- [Data block]:
- - - - -

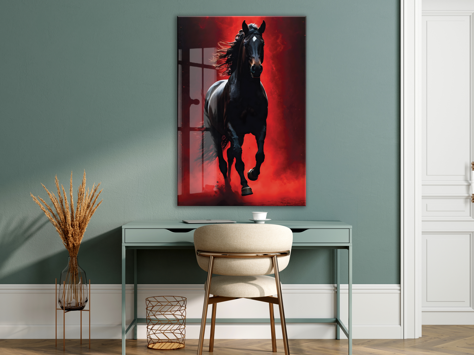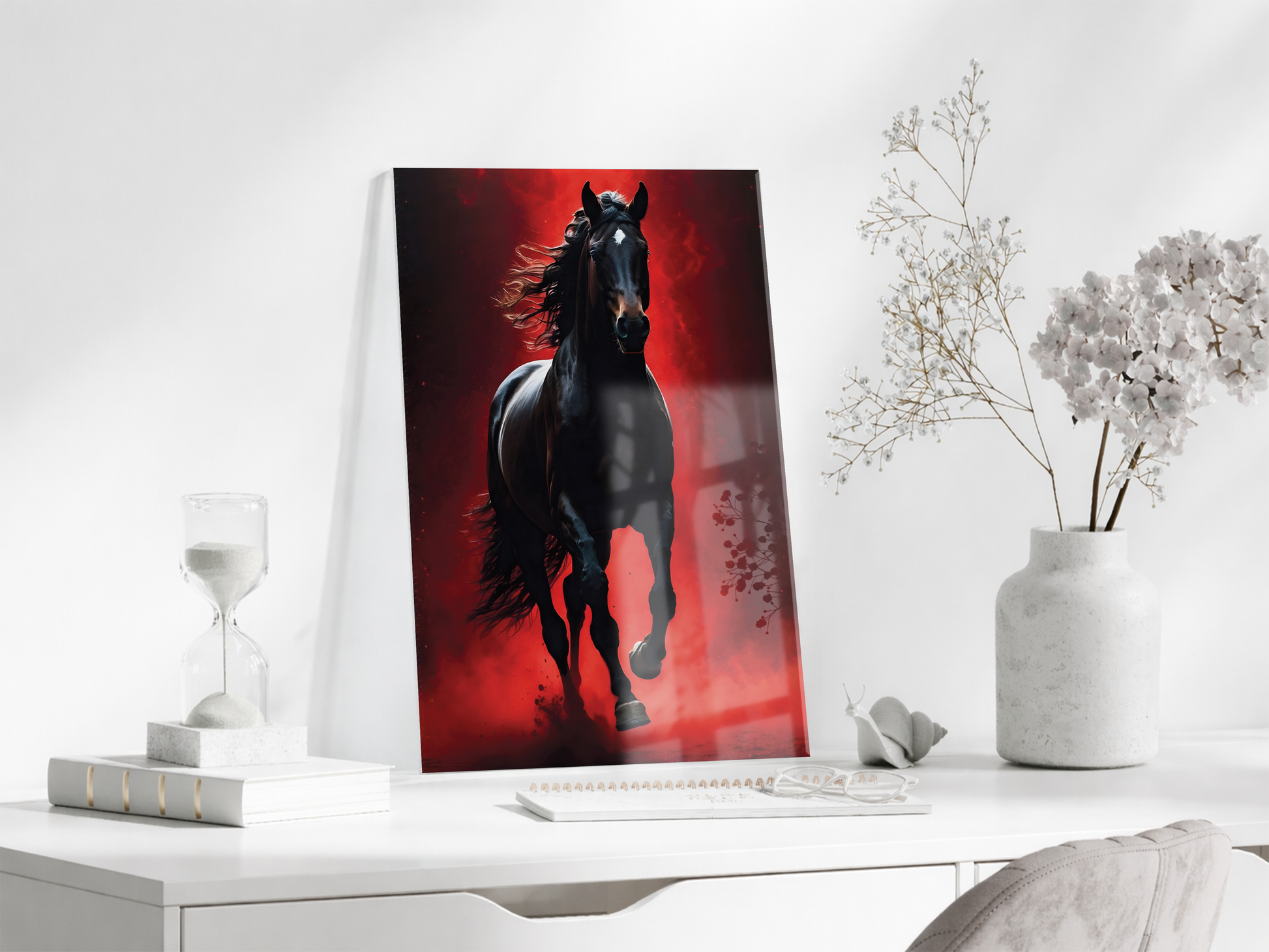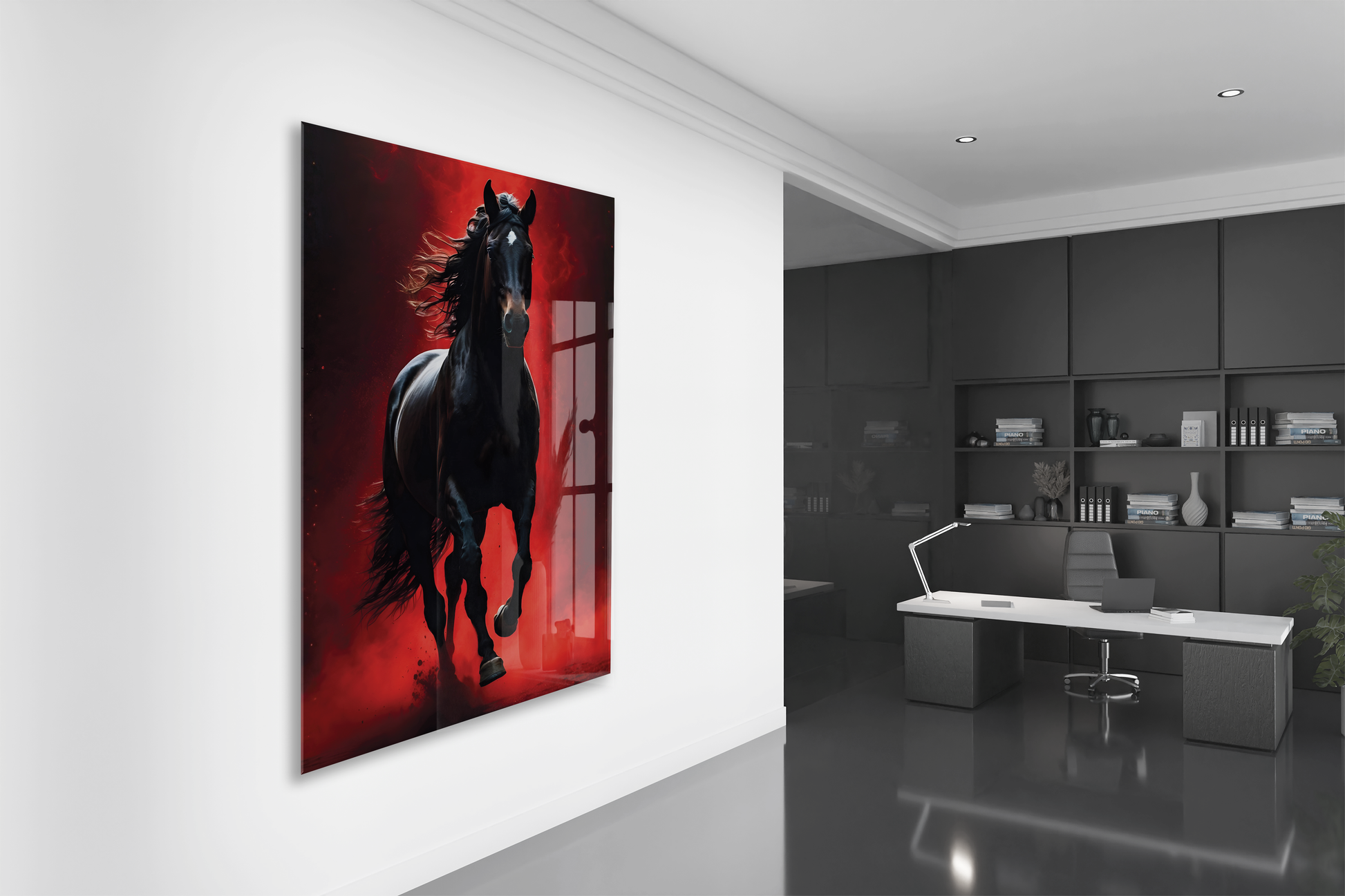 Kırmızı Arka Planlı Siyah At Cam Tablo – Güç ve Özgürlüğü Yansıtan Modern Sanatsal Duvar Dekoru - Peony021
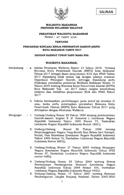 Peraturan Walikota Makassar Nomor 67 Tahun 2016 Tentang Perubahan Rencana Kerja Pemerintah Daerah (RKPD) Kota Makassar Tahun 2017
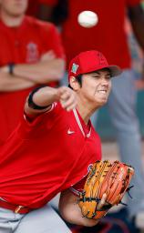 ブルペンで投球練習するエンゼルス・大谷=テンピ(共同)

- - - - -

- [What you should do]: Could you transcribe all of the data exactly and omit the pictures?

- [Task output]:
 Kırmızı Arka Planlı Siyah At Cam Tablo – Güç ve Özgürlüğü Yansıtan Modern Sanatsal Duvar Dekoru - Peony021
 Peraturan Walikota Makassar Nomor 67 Tahun 2016 Tentang Perubahan Rencana Kerja Pemerintah Daerah (RKPD) Kota Makassar Tahun 2017
 ブルペンで投球練習するエンゼルス・大谷=テンピ(共同)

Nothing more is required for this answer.